# slingshot shooting style



## fergusonshooter (May 11, 2015)

I am new to real slingshoy shooting and not the ones at walmart and i am trying to find a way i like to shoot and my favorite us the slingshot sideways but the pouch turned upright like you are shooting with the slingshot up and down and i was wandering if i can keep on doing this or its bad and inaccurate thx for the help and i am glade to here what you hafe to say


----------



## slingshooterPT (Feb 22, 2014)

No problem many people turn the pouch when shooting sideways!


----------



## pgandy (Aug 15, 2011)

Do whatever works best for you. There must be about as many styles as shooters. I shot that way for awhile with an occasional fork hit. After rotating the pouch to line up with the fork I eliminated fork hits. I can't remember the last one.


----------



## Imperial (Feb 9, 2011)

username with "ferguson" in it? i have suspicions now :angrymod:


----------



## fergusonshooter (May 11, 2015)

Thx for the help i try the pouch straight and that made me have forn hitahits so thag why i tryed jt sidways thx for the help


----------



## fergusonshooter (May 11, 2015)

How do you add pics


----------



## fergusonshooter (May 11, 2015)

And when hunting do you guys aim or instincual i dont know if i spelled that right i am just try to geg better sorry for all the questions


----------



## pgandy (Aug 15, 2011)

I shoot a ss by instinct. I will aim anything else and if I try to shoot anything else by instinct I mess up. If I try to aim my ss shoot my hit probability goes way down.


----------



## WindLvr (Jul 16, 2014)

I aim down the center of the bands while shooting with the slingshot on it's side, and I do not turn the pouch. I also utilize a fixed anchor point which has helped me improve my accuracy a great deal. I would say whatever style you are shooting just stick to it, and keep practicing! If you try and change too many things at once you won't know what helped, and what didn't. Most of all, and this is real important, have fun!!!


----------



## fergusonshooter (May 11, 2015)

Thx i just got a bird my first bird with my new slingshot bybut i dont know how to post a pic on here


----------



## fergusonshooter (May 11, 2015)

Whats the best all rround hunting ammo size would you say like dor rabbits birds and squrrels i would thing 7/16 or 3/8 i have some 7/16 but i am going to get more


----------



## eagleyes (Jan 30, 2014)

I like too hold the pouch that way as well, maybe because I started shooting longbows b4 slingshots..... Nothing wrong with that at all !


----------



## flipgun (Nov 14, 2012)

Imperial said:


> username with "ferguson" in it? i have suspicions now :angrymod:


A rose by any other name.... Check the second post.


----------



## Cjw (Nov 1, 2012)

There are quite a few shooters that are top shooters that don't shoot gangster style. Jim Harris who won the ECST twice, Nathan from simpleshot . But you haven't been on the forum very long so you don't know. Has nothing to do with hating new shooters and wanting them to fail. Everyone of the experienced shooters does their best to help the new shooters. So get off that kick. Some people have tried but just can't shoot sideways. But are still really good shots.


----------



## Cjw (Nov 1, 2012)

You don't need to cop An attitude .


----------



## Imperial (Feb 9, 2011)

hey, lets get back on topic, seriously, a username with ferguson in it? fergusonshooter? i sense a return of an old ssf outcast.


----------



## PeskyMaus (Mar 10, 2015)

What the jumpin bejeebus does that mean? Ferguson? I am nonplussed.


----------



## PeskyMaus (Mar 10, 2015)

Imperial said:


> hey, lets get back on topic, seriously, a username with ferguson in it? fergusonshooter? i sense a return of an old ssf outcast.

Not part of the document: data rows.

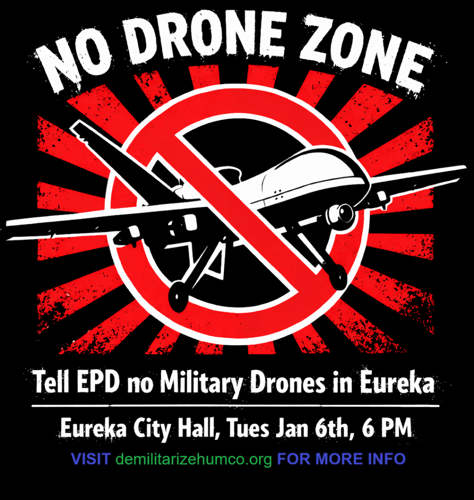 The Eureka Police Department’s proposal to research a drone surveillance program has been removed from the consent calendar but remains on the agenda for discussion and a possible vote. Community voices are crucial—please urge the Council to VOTE NO.
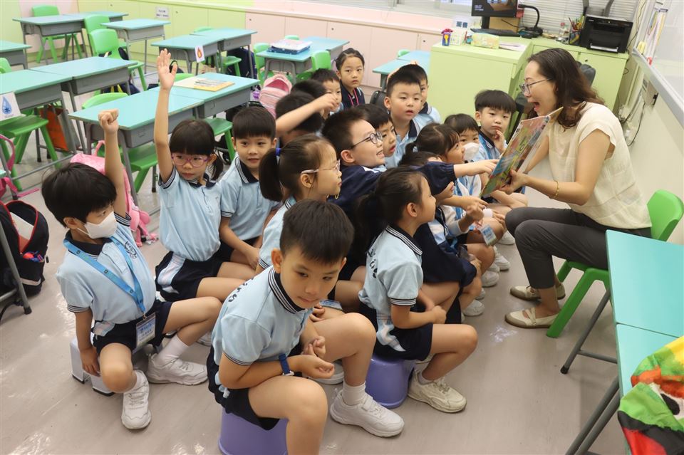 每逢星期四的早上的8:00a.m.-8:10a.m.我們都會有家長與學生分享故事,學生們都聽得很投入,
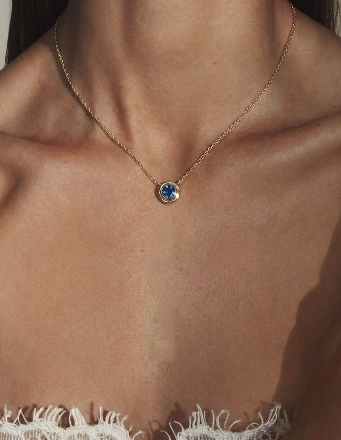 The Current round Sapphire pendant necklace in 18k Yellow Gold is elegant and bold, inspired by the organic shapes formed by water. Handmade in London, the piece is created in one motion embracing the round Sapphire 0.97ct centre.Length: 16-18 Inches ... Read more
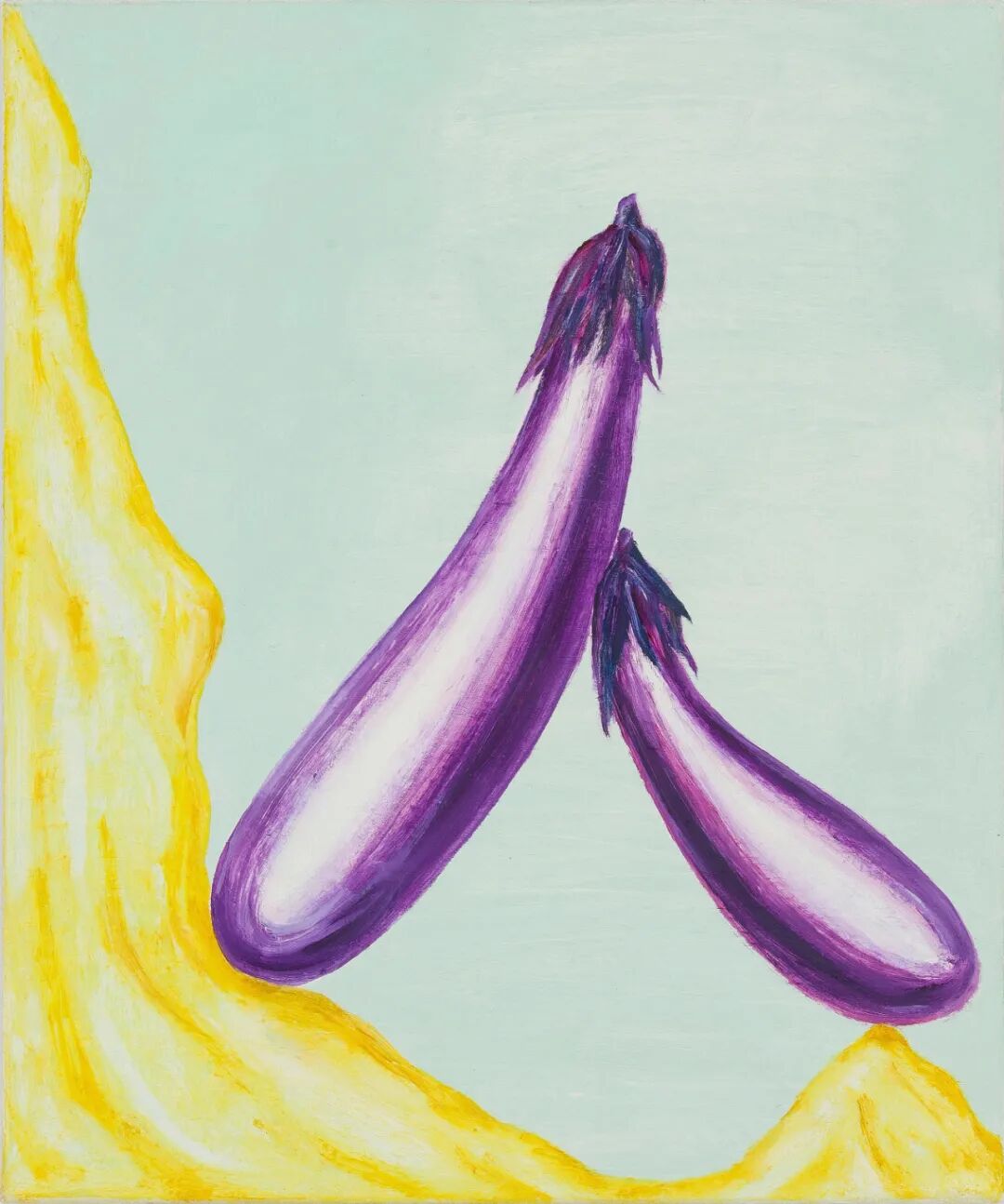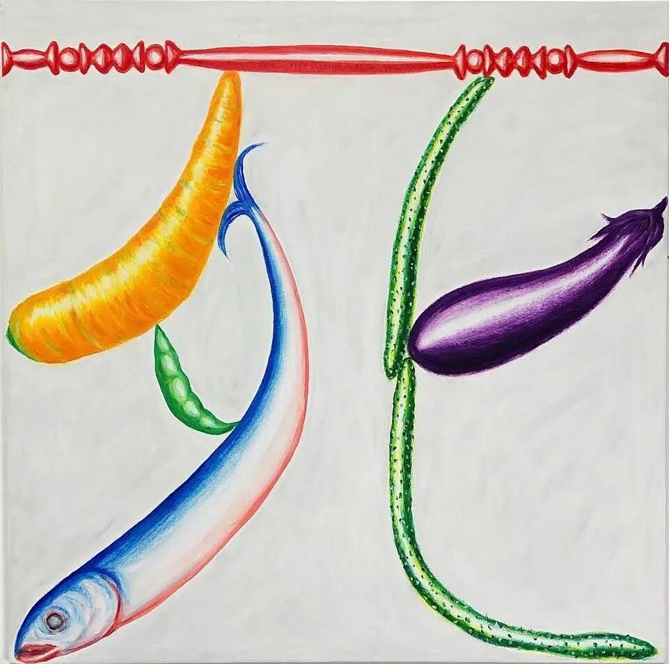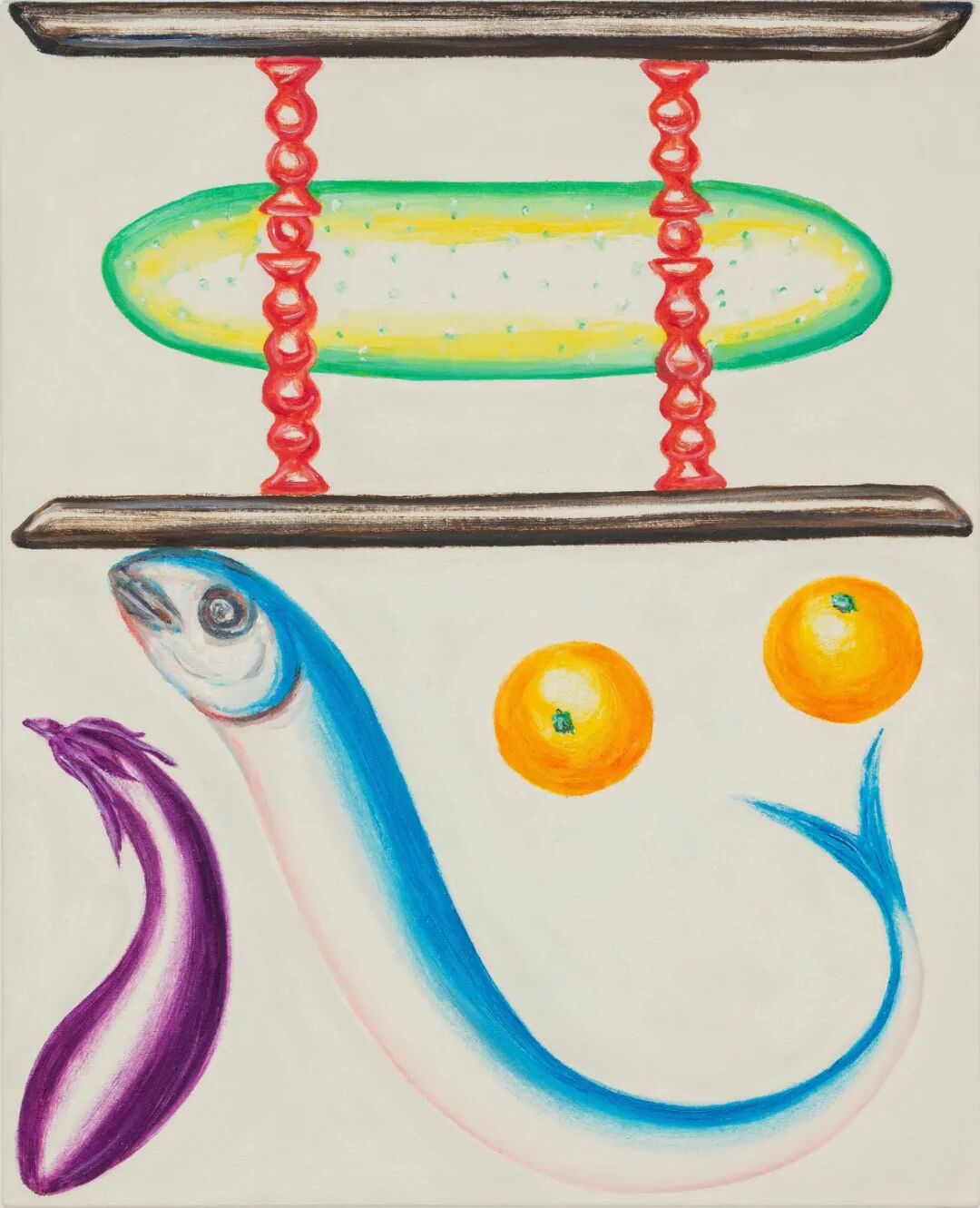 画家受日本浮世绘、漫画和各种西方绘画传统的影响,作品以反复出现的水果、蔬菜、鱼为特色。他对堆叠和图案中物体的编排呈现出一种临时的、生动的外观,就好像它们可以随意散开或重新排列一样。
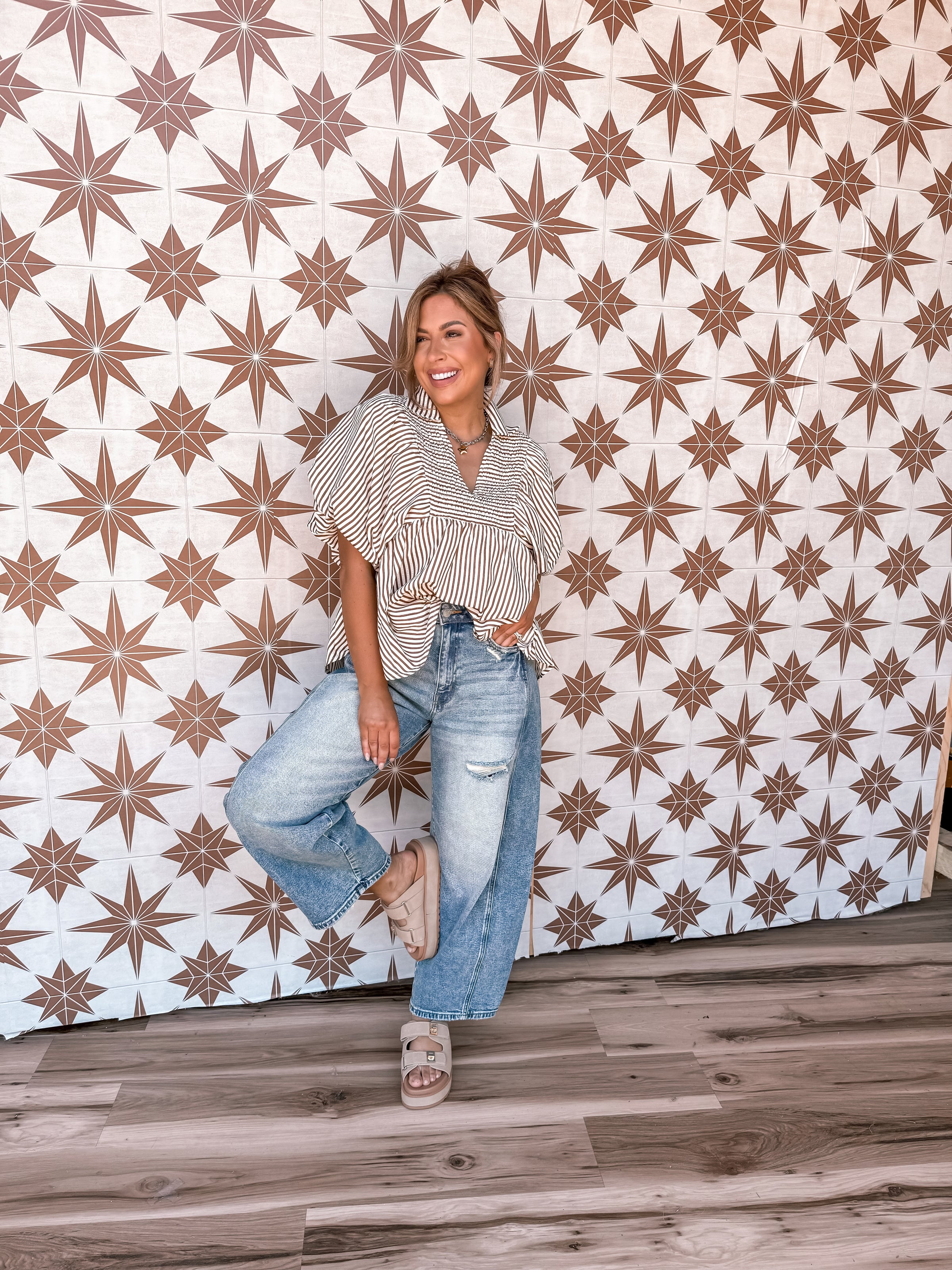 This Caramel Stripe Top features a playful v-neck and lively stripes that brighten up any outfit. Its soft, comfortable fabric makes it perfect for casual days or layering up, adding a fun twist to your everyday style.
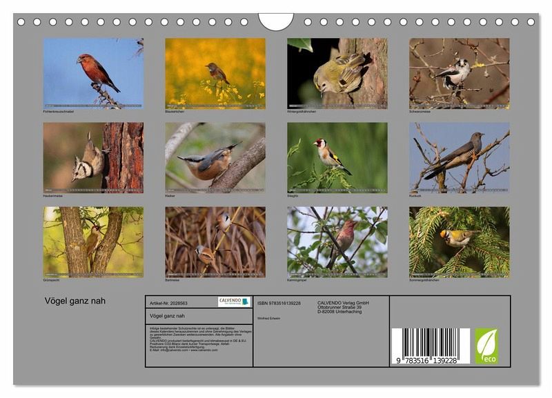 QUALITÄT - Hochwertiger Fotokalender mit 12 wunderschönen Motiven auf lichtbeständigem Bilderdruckpapier, robuste Spiralbindung mit Aufhängebügel.NACHHALTIG - deutliche Abfallreduzierung durch bedarfsgerechte Einzelstückfertigung, umweltfreundliches FSC-zertifiziertes Papier, Produktion in Deutschland, klimabewusste Logistik.PERFEKTES GESCHENK - Kalender für Freunde und Familie, für Kinder und Erwachsene, jung und alt, zu Weihnachten, Geburtstag oder zwischendurch.VIELFALT - Bildkalender in verschiedenen Formaten, z.B. DIN A5, DIN A4, DIN A3 sowie DIN A2. Ob Naturmotiv, Gemälde oder Fotos, ideal für ein persönliches Wohlfühlambiente.Seltene einheimische Vögel aus nächster Nähe fotografiert von Autor(in): Winfried Erlwein
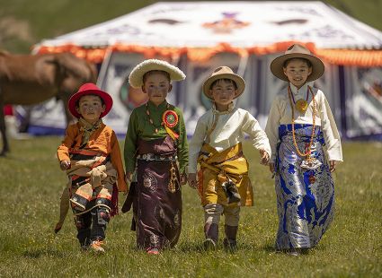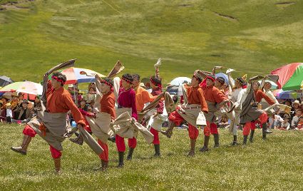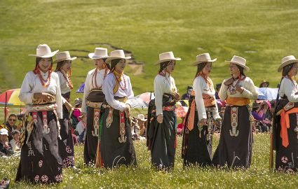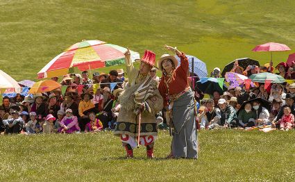 據(jù)說早在吐蕃時期,人們以村寨為單位,在本教僧人的帶領(lǐng)下高舉幡桿,手拿青棵、麥穗,繞田間地頭轉(zhuǎn)圈,祈禱神靈保佑,獲得豐收。儀式結(jié)束后,就在草場上展開角斗、斗劍、耍梭標等活動。格魯派興起后,這一活動仍得到保留,只是在繞地巡游時,人們要舉佛像、背經(jīng)文,文體活動也增加了賽馬、射箭、馬術(shù)、藏戲、民間歌舞等內(nèi)容。解放后,革去了繞地巡游等一些宗教儀軌,增加了許多休閑娛樂、物資交流的內(nèi)容?!巴?jié)”沒有固定日期,各地根據(jù)農(nóng)事而定,一般在秋收前(8月)擇吉日舉行,時間1-3天。

Explain yourself, man - these cryptic allusions will keep me up all night! What the hell is a Ferguson? Why the strange photograph of the nice-looking black man? And what's with the obese, headless hand-shakers? And what, by all that is sacred, is an SSF outcast? I demand to know!


----------



## Cjw (Nov 1, 2012)

. Is that the best you can can do . Throw five year old child insults and threats. PM me when you get to Calif. untill than ill be shaking in my boots. Come on your making me laugh so hard I may hurt myself. Too funny.


----------



## tyrone8511 (May 2, 2014)

Hi Fergusonshooter

Well Firstly I am not an expert shooter by any stretch of the imagination but I have learned a few things which I think my help you.

What I have found is shooting gangsta style AKA Bill Hays 1 line aiming system is the most accurate, however I did tend to get forkhits mainly due to incorrect pouch hold and release without realising(unintended tweaking). I can honestly say though that shooting upright you can probably be just as accurate the height adjustment just needs to be made by yourself, but you will have less of a problem with forkhits. As far as intuative/instinctive shooting goes, I have never seen anybody better than Dgui(PFshooter on Youtube) he is absolutely out of this world. Dgui holds the frame Upright when he uses 1 but he always turns the pouch.

Hope this helps you.

Tyrone


----------



## pgandy (Aug 15, 2011)

Am not sure about "Ferguson", possibly referencing the recent unpleasantness in that city.

It seems like a lot of mud slinging for the lad's simple question on shooting a slingshot.


----------



## fergusonshooter (May 11, 2015)

This thing is getting heated nice comeback pesky


----------



## fergusonshooter (May 11, 2015)

Ferguson is my last name and i am new to the forum imperial have not bine on before i promise


----------



## fergusonshooter (May 11, 2015)

Thx for all the help everybody


----------



## Cjw (Nov 1, 2012)

pgandy said:


> Am not sure about "Ferguson", possibly referencing the recent unpleasantness in that city.
> 
> It seems like a lot of mud slinging for the lad's simple question on shooting a slingshot.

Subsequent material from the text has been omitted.